# My husband hates my family and is convinced it will split us up!



## kittyunica (Dec 24, 2008)

He grew up in home filled with verbal and some physical abuse. I grew up with none of that. He was always put down and I was always encouraged. Now we have a 9 month old son my family is trying to take control. It is at the point that my husband doesn't want to even spend our son's first Christmas with me and my family for Christmas dinner. I tried to talk to my mother about it and she said she doesn't want to talk about it. My sister suggested councelling for the 4 of us and none but me want anything to do with it. My parents blame him and he blames my parents for their poor relationship. And everyone wants me to set each other straight. I work and my husband got laid off (automotive industry) so he picked up the rest of our parental benefits but I'm afraid he's getting depressed staying home.

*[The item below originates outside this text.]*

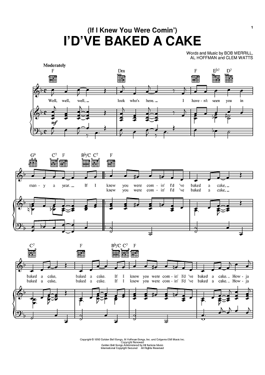 Digital Sheet Music for (If I Knew You Were Comin') I'd've Baked A Cake by Al Hoffman, Bob Merrill, Georgia Gibbs, Clem Watts scored for Piano/Vocal/Chords; id:368405
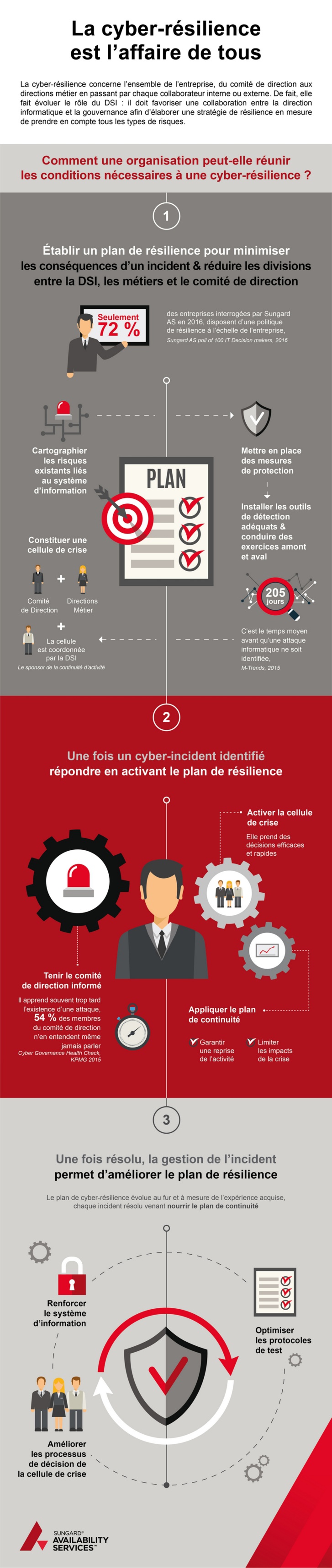 Cependant, une récente étude menée par Sungard AS a démontré qu’en 2016, seuls 72 % des entreprises interrogées disposaient d’une politique de résilience à l’échelle de l’entreprise.

My parents think he needs to get a job but no one, including my husband, see raising our son as a job. One much more rewarding than anything else. And because of how he feels, I think he is missing out on what could be the best time of his life. He thinks if I don't set my parents straight, he gives us a maximum of 2 years left together and my parents don't want to talk to me at all about it. I just want to know if anyone has been in anything similar or have some advice? I look at my son and cry thinking he's either going to loose his grandparents or worse, his father. My husband doesn't realize how much I love him, I just don't know how to make him happy with his life.


----------



## HisSummerRose (Dec 10, 2008)




----------



## LucyInSC (Dec 23, 2008)

It must be so hard for you to feel that you are in the middle between your husband and your parents. Plus being the only one working must also be hard. You are right to view your husband staying home with your son as a rewarding experience few men get the chance to do. Tell him he is appreciated for the work he does at home. As far as the conflict between him and your parents, I think it is important for you to support your husband when at all possible.  In time maybe they can work out their differences and in the meantime you and your son can occasionally visit your parents without your husband. If your marriage is otherwise healthy, tell your husband that your loyalty is with him.


----------



## Blanca (Jul 25, 2008)

My mom said something disrespectful to my H once. I let her know i wanted her in my life, but if she ever said anything disrespectful to him again, she wouldnt see me again until she apologized. that would go for anyone in my family. 

You dont have to fix the relationship between your family and your H. you dont have to make anyone like anyone. but you do have to let them know what is, and is not ok. You need to stand up for your H.


----------